Once you find the line below that has "Get ready to", output it and every line after it exactly, stopping after the line that has "Интерьер ресторана —", with no pictures.

— Stored data —
•••

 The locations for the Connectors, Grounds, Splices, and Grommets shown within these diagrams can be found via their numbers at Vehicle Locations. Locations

•••

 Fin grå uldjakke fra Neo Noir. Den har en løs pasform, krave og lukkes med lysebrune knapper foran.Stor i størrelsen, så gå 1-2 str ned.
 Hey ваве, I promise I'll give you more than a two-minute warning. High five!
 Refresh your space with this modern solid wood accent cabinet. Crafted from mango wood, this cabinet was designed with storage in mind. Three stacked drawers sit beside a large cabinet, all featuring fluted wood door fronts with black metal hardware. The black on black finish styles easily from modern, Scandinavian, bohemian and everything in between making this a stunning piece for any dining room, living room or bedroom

•••

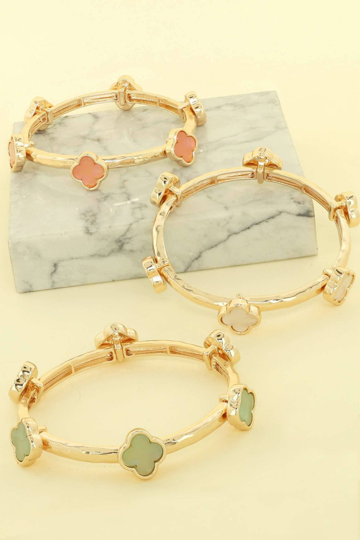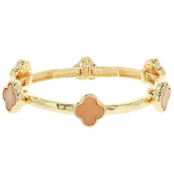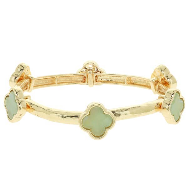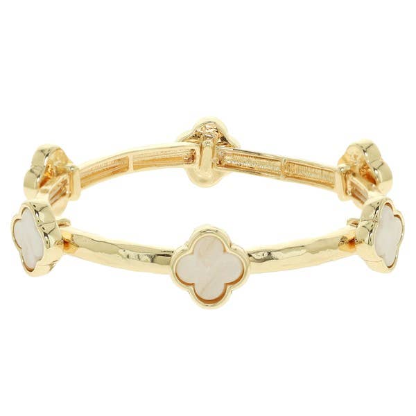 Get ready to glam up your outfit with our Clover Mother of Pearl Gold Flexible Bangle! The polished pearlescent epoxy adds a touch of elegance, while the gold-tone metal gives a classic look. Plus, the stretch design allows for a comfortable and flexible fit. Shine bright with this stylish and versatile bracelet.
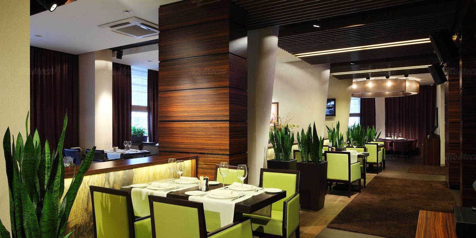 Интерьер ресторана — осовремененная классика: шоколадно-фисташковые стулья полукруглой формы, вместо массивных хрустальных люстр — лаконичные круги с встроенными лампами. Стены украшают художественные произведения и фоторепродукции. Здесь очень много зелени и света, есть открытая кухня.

•••

— Answer —
 Get ready to glam up your outfit with our Clover Mother of Pearl Gold Flexible Bangle! The polished pearlescent epoxy adds a touch of elegance, while the gold-tone metal gives a classic look. Plus, the stretch design allows for a comfortable and flexible fit. Shine bright with this stylish and versatile bracelet.
 Интерьер ресторана — осовремененная классика: шоколадно-фисташковые стулья полукруглой формы, вместо массивных хрустальных люстр — лаконичные круги с встроенными лампами. Стены украшают художественные произведения и фоторепродукции. Здесь очень много зелени и света, есть открытая кухня.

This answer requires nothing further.